New Lancia Stratos supercar review
John Barker was the first journalist in the world to drive the Ferrari 430 Scuderia-based New Stratos in 2010. He came away very impressed
It really is purely by chance that I’m first into the quite exquisite recreation of the Lancia Stratos HF. Had there been a journalist here called Vince Aardvark, he could have claimed the honour because the schedule of drives has been determined alphabetically. To the other members of the press who have come from as far as Japan this might look like a fix because the first three in the car – Barker, Barlow and Bremner – are all from the UK.

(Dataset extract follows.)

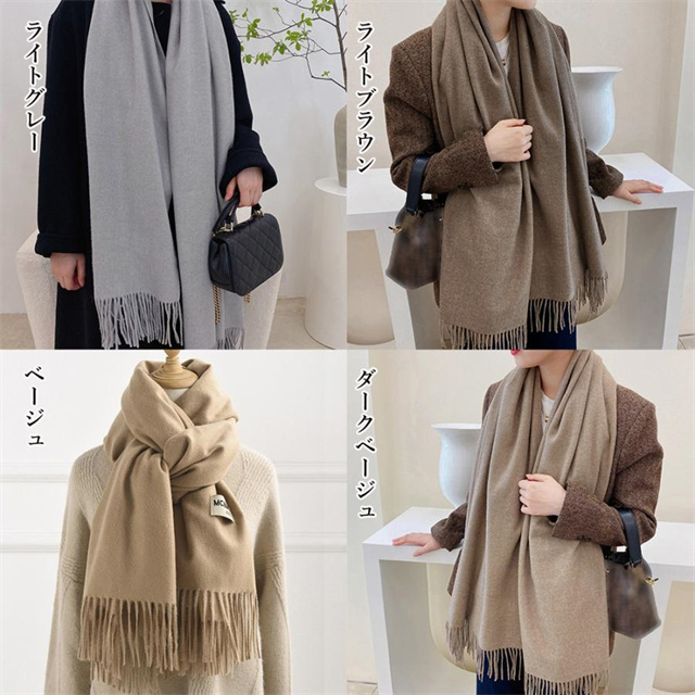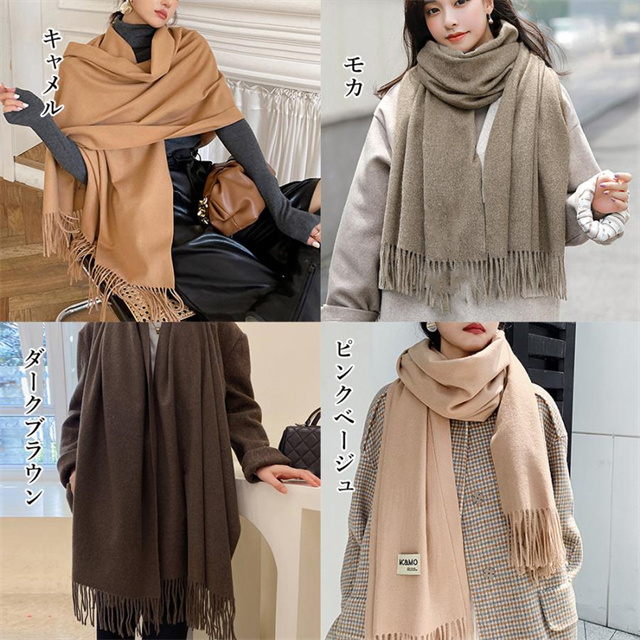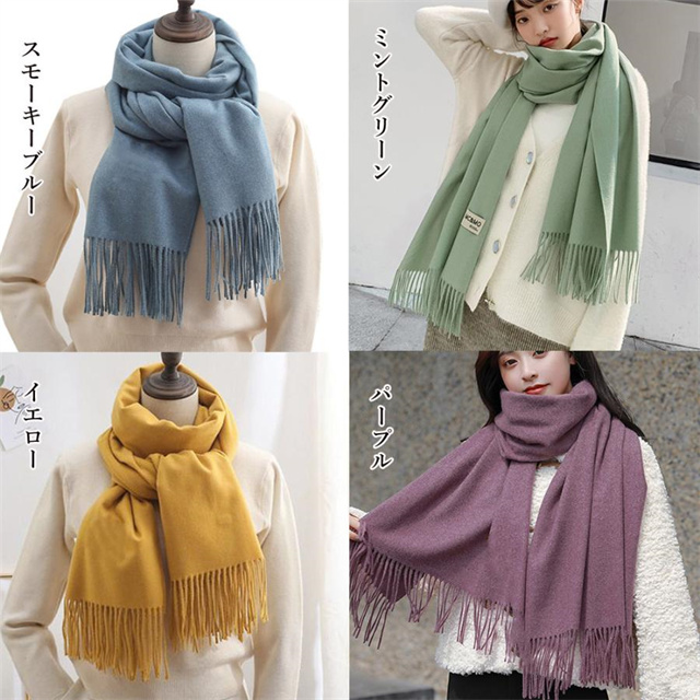 レディース ふんわり フリンジストール リバーシブル 秋冬 ロング スカーフショール かわいい マフラー 無地厚手 韓国

This is no big manufacturer launch, but you’d hardly know it. ‘New Stratos’ is described as a non-commercial project but it is being presented to selected press with panache and imagination. We landed at Le Castellet airport alongside Circuit Paul Ricard in a small, chartered plane not 15 minutes ago and made our way to a semi-opaque rotunda erected on the infield at one end of the strung-out track. As we approached, there were tantalising glimpses of colours and shapes that would excite any Stratos fan, and then we’d ducked into its warmth, the air pulsing with chill-out tunes, to be greeted by a fabulous display of four significant Stratoses (Stratii?).Ranged from right to left were the fluorescent red Bertone road car prototype, an utterly original, lime green production car, an immaculate, Marlboro-liveried Group 4 rally car, and the Fenomenon concept car from the 2005 Geneva motor show.
What is it?
The chunky Fenomenon ‘on-road, off-road supercar’ is the key car here, the link between the old and the new. It was the brainchild of Chris Hrabalek, serial Stratos collector and RCA-trained car designer, and five years ago it woke the world up to the idea of a modern Stratos. Hrabalek sought investors to create the Fenomenon and among the ten who bought into the concept and the Stratos brand was Michael Stoschek, chairman of Brose, a giant German automotive parts company. Although the Fenomenon never progressed, when Stoschek retired from the day-to-day running of Brose in 2005 after 34 years, Hrabalek persuaded the businessman and race driver that creating a new Stratos was a brilliant idea!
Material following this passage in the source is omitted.